Entries below include pictures. Output exactly the lines from the one with "- IDcard - 76,49" down to the one with "PVC Alert |", both ends included, and leave the pictures out.

◆ **MATERIAL SUPPLIED**
Segment Open

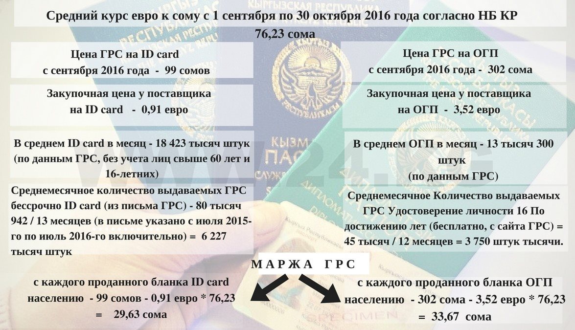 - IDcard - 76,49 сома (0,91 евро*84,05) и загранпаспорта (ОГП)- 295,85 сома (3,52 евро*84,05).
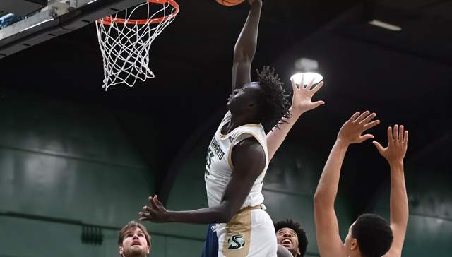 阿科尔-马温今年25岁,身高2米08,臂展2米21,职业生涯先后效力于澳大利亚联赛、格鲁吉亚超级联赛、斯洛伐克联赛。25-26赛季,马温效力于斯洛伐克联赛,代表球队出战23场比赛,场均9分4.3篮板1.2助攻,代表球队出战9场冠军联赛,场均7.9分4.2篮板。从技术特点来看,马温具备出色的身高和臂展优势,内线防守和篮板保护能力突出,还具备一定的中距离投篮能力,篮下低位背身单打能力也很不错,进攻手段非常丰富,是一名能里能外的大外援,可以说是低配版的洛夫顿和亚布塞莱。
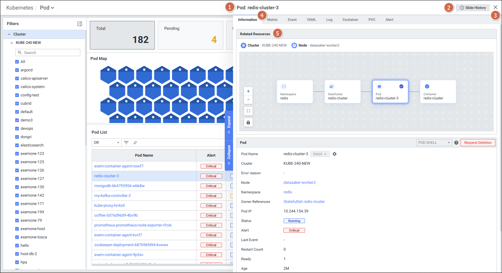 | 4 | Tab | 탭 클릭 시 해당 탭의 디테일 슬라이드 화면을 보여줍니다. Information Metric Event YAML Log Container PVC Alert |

Segment Closed
Segment Open

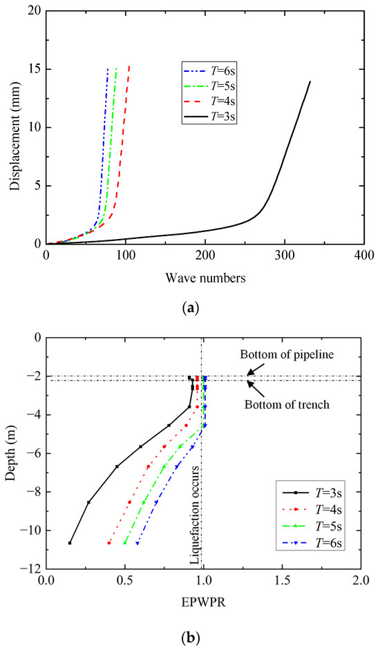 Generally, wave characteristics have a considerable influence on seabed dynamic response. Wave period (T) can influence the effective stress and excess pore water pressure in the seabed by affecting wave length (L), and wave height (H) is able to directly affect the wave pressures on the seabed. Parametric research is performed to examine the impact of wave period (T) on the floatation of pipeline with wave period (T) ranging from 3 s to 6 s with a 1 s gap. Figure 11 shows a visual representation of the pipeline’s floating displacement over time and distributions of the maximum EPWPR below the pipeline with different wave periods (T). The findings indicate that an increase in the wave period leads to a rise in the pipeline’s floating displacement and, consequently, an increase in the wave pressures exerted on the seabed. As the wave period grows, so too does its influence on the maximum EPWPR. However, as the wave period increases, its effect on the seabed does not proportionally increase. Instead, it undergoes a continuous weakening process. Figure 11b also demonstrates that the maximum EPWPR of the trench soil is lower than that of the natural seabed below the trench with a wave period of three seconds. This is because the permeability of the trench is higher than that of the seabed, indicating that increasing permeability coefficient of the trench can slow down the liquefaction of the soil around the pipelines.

Segment Closed
Segment Open

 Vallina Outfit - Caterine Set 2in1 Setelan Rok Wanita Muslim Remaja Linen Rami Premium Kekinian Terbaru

Segment Closed

◆ **SOLUTION BELOW**
 - IDcard - 76,49 сома (0,91 евро*84,05) и загранпаспорта (ОГП)- 295,85 сома (3,52 евро*84,05).
 阿科尔-马温今年25岁,身高2米08,臂展2米21,职业生涯先后效力于澳大利亚联赛、格鲁吉亚超级联赛、斯洛伐克联赛。25-26赛季,马温效力于斯洛伐克联赛,代表球队出战23场比赛,场均9分4.3篮板1.2助攻,代表球队出战9场冠军联赛,场均7.9分4.2篮板。从技术特点来看,马温具备出色的身高和臂展优势,内线防守和篮板保护能力突出,还具备一定的中距离投篮能力,篮下低位背身单打能力也很不错,进攻手段非常丰富,是一名能里能外的大外援,可以说是低配版的洛夫顿和亚布塞莱。
 | 4 | Tab | 탭 클릭 시 해당 탭의 디테일 슬라이드 화면을 보여줍니다. Information Metric Event YAML Log Container PVC Alert |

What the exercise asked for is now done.